Claude Code Vitest Coverage Reporting (2026)

Last updated: April 17, 2026

Automated test coverage reporting is essential for maintaining code quality in modern development workflows. This tutorial shows you how to integrate Vitest coverage reporting into your Claude Code projects, enabling automated quality checks and comprehensive reporting for your test suites.

Why Coverage Reporting Matters

Code coverage metrics help you understand how much of your codebase is exercised by tests. While 100% coverage doesn’t guarantee bug-free code, it identifies areas that lack testing attention. When working with Claude Code, you can automate these checks to catch regressions early and maintain consistent quality standards across your project.

There are four core metrics to understand before configuring anything:

Statement coverage. the percentage of executable statements that were run during tests
Branch coverage. whether both sides of conditional logic (if/else, ternary, switch cases) have been tested
Function coverage. the percentage of declared functions that were called by any test
Line coverage. similar to statement coverage but counted per line rather than per expression

In practice, branch coverage is the hardest to achieve and the most revealing. A function that appears fully covered by statement metrics can still have untested error paths, edge cases in conditionals, or fallback logic that only triggers under specific runtime conditions. Starting with branch coverage as your primary threshold gives you the most honest signal about test quality.

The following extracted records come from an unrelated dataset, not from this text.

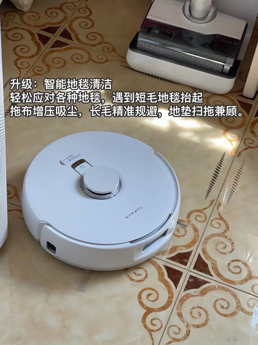 [心]升级四:智能地毯清洁,轻松应对各种地毯:遇到短毛地毯抬起,拖布增压吸尘,长毛精准规避,地垫扫拖兼顾。
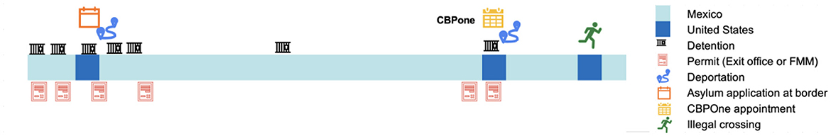 The various strategies migrants pursue in order to reach the United States are reflected in Felipe's journey. He made three attempts to cross into the U.S. (Figure 3, dark blue), with the last one being successful.
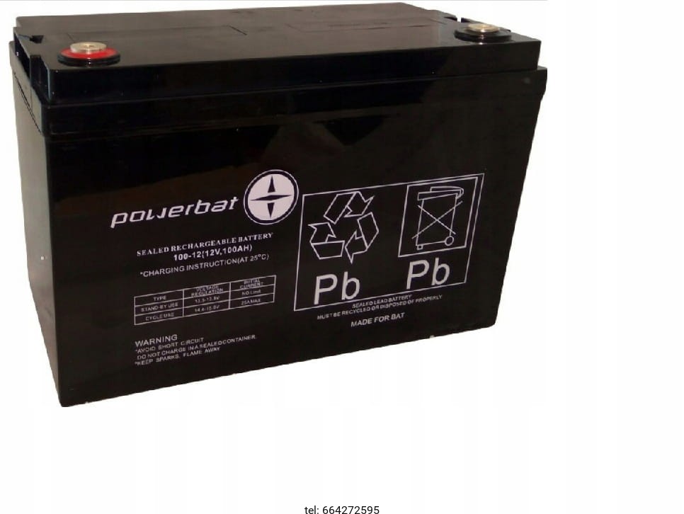 Akumulator Powerbat Gel 12V 100 AH polaryzacja L+ Akumulator głębokiego rozładowania (deep cycle).
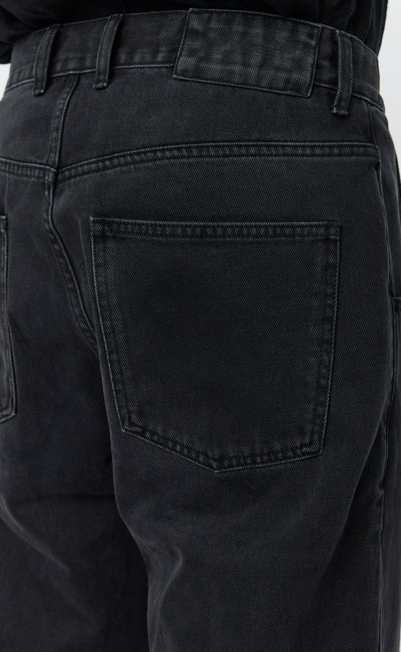 The Straight Cut Jeans has a relaxed straight fit with a mid-rise. Featuring side pockets, rear patch pockets, metal button closure and YKK zip fly. Cut from a garment washed organic cotton denim with a dry hand feel in faded black.
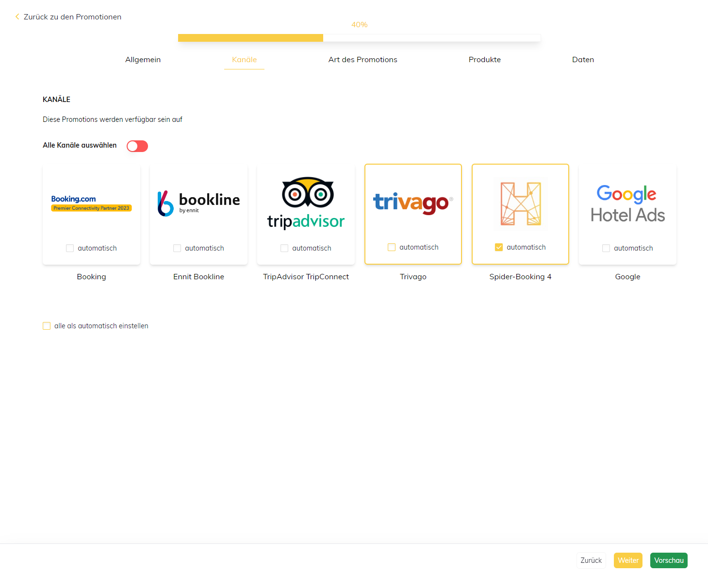 Spider-Booking 4 ist umrahmt und zusätzlich ist das Häkchen bei "automatisch" gesetzt, was bedeutet, die Promotion ist hier aktiv und wird automatisch für jeden Gast angewendet, der Code muss nicht manuell eigentragen werden.
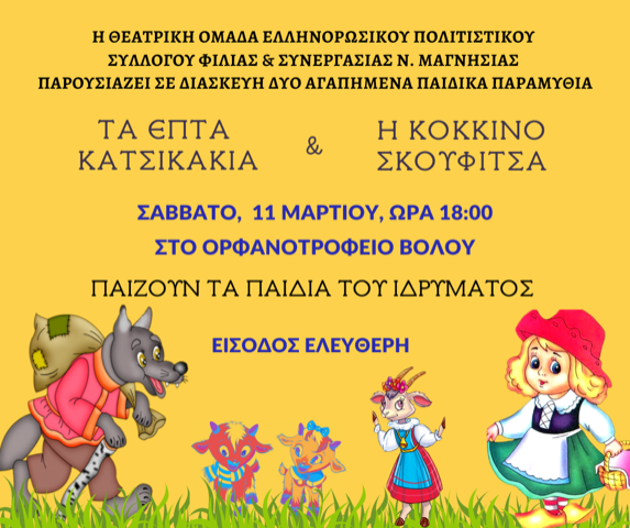Η θεατρική ομάδα Ελληνο-Ρωσικού Πολιτιστικού Συλλόγου Φιλίας & Συνεργασίας ν. Μαγνησίας παρουσιάζει όπως αναφέρεται σε σχετική ανακοίνωση, «σε διασκευή δυο αγαπημένα παιδικά παραμύθια «Τα επτά κατσικάκια» & «Η Κοκκινοσκουφίτσα». Στην παράσταση για εσάς παίζουν τα παιδιά του Ορφανοτροφείου Βόλου. Το Σάββατο, 11 Μαρτίου, στις 18:00 στο Ορφανοτροφείο Βόλου (2ας Νοεμβρίου, 10, πλησίον Ι.Ν. Αγ. Παντελεήμονα). Σας περιμένουμε όλους! Η είσοδος ελεύθερη».
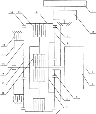 Перед включением режима рекуперации/разгона производится выбор начальной передачи коробки передач, обеспечивающей попадание в номинальный диапазон частоты вращения двигателя. Т.к. с двигателем связано неизменным для каждого режима передаточным отношением центральное колесо 7, тахометр (на схеме не показан), определяющий частоту свободного вращения данного колеса в момент непосредственно перед рекуперацией/разгоном, вне зависимости от соотношения частот вращения маховика и выходного вала позволяет однозначно выбрать начальное передаточное число коробки передач. В дальнейшем, по мере замедления/ускорения выходного вала происходит последовательное увеличение/уменьшение передаточных чисел коробки передач 5 исходя из условия работы двигателя в номинальном диапазоне частот. Если рекуператор оборудовать дополнительной коробкой передач 17, связанной с маховиком, того же эффекта можно достичь, уменьшая/увеличивая передаточные числа данной коробки, при этом неизменное передаточное число коробки 5 обеспечит относительно постоянный (в зависимости от скоростной характеристики двигателя) момент замедления/ускорения на выходном валу. Коробка передач 17 позволяет поддерживать частоту вращения центрального колеса 2 в оптимальном диапазоне. Использование коробки 17 является также альтернативой увеличению количества ступеней стандартной коробки 5. Интенсивность замедления/ускорения определяется регулирующим органом двигателя, например дроссельной заслонкой.
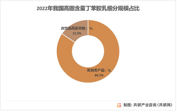 2022年我国高固含量丁苯胶乳行业市场规模1.25亿元,其中,发泡类产品需求规模1.06亿元,改性沥青及其他领域需求规模0.19亿元。
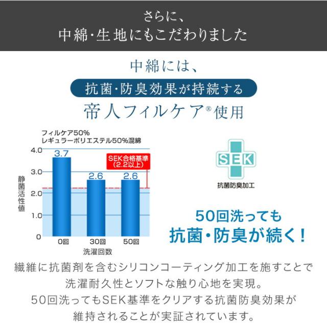 L洗濯耐久性の高い抗菌/防臭中綿フィルケア使用

Setting Up Vitest with Coverage

First, ensure you have Vitest installed in your project. If you’re starting fresh, initialize a new project with the necessary dependencies:

npm create vitest@latest my-project -- --template vanilla-ts
cd my-project
npm install

Next, install a coverage provider. Vitest supports multiple providers, with V8 and Istanbul being the most popular:

npm install -D @vitest/coverage-v8

If you prefer Istanbul (which has stronger compatibility with older code patterns and supports more granular source mapping), install that instead:

npm install -D @vitest/coverage-istanbul

V8 vs Istanbul: Choosing a Coverage Provider

The choice between V8 and Istanbul depends on your project type:

Feature	V8	Istanbul
Speed	Faster (native engine)	Slower (instrumentation-based)
Source map accuracy	Good for modern TS	Better for transpiled code
CJS/ESM support	ESM-first	Both
Setup complexity	Minimal	Minimal
Reports generated	Standard set	Standard set + lcov

For most TypeScript projects using ESM modules, V8 is the right default. If you’re working with CommonJS modules, Babel transforms, or older codebases, Istanbul tends to produce more accurate results because it works at the source level rather than relying on runtime engine instrumentation.

Configuring Coverage in Vitest

Create or update your vitest.config.ts to include coverage settings. This configuration enables coverage collection and specifies which files to include:

import { defineConfig } from 'vitest/config'
export default defineConfig({
 test: {
 coverage: {
 provider: 'v8',
 reporter: ['text', 'json', 'html'],
 reportsDirectory: './coverage',
 include: ['src//*.{ts,tsx}'],
 exclude: ['src//*.d.ts', 'src/main.ts'],
 thresholds: {
 lines: 80,
 functions: 80,
 branches: 75,
 statements: 80
 }
 }
 }
})

The thresholds configuration ensures your project maintains minimum coverage standards. If coverage drops below these values, tests will fail, a useful gate for pull requests and CI pipelines.

Beyond the basics, several additional options are worth knowing:

import { defineConfig } from 'vitest/config'
export default defineConfig({
 test: {
 coverage: {
 provider: 'v8',
 reporter: ['text', 'json', 'html', 'lcov'],
 reportsDirectory: './coverage',
 include: ['src//*.{ts,tsx}'],
 exclude: [
 'src//*.d.ts',
 'src/main.ts',
 'src//__mocks__/',
 'src//types/',
 'src//*.stories.{ts,tsx}'
 ],
 // Don't fail the run if no files match the include pattern
 skipFull: false,
 // Show all files even if they have 0% coverage
 all: true,
 thresholds: {
 lines: 80,
 functions: 80,
 branches: 75,
 statements: 80
 }
 }
 }
})

The all: true option is important. Without it, Vitest only reports coverage for files that were actually imported during tests. Files that exist in src/ but have no tests at all won’t appear in the report. Setting all: true exposes those hidden gaps.

Running Coverage Reports

Execute coverage reports using the --coverage flag:

npx vitest run --coverage

This generates reports in multiple formats. The text reporter shows summary output in your terminal:

---------------------------|---------|----------|---------|---------|
File | % Stmts | % Branch | % Funcs | % Lines |
---------------------------|---------|----------|---------|---------|
 src/utils.ts | 90.12 | 85.71 | 100.00 | 89.47 |
 src/calculator.ts | 78.34 | 66.66 | 85.00 | 77.27 |
---------------------------|---------|----------|---------|---------|

For detailed analysis, open the HTML report at coverage/index.html in your browser.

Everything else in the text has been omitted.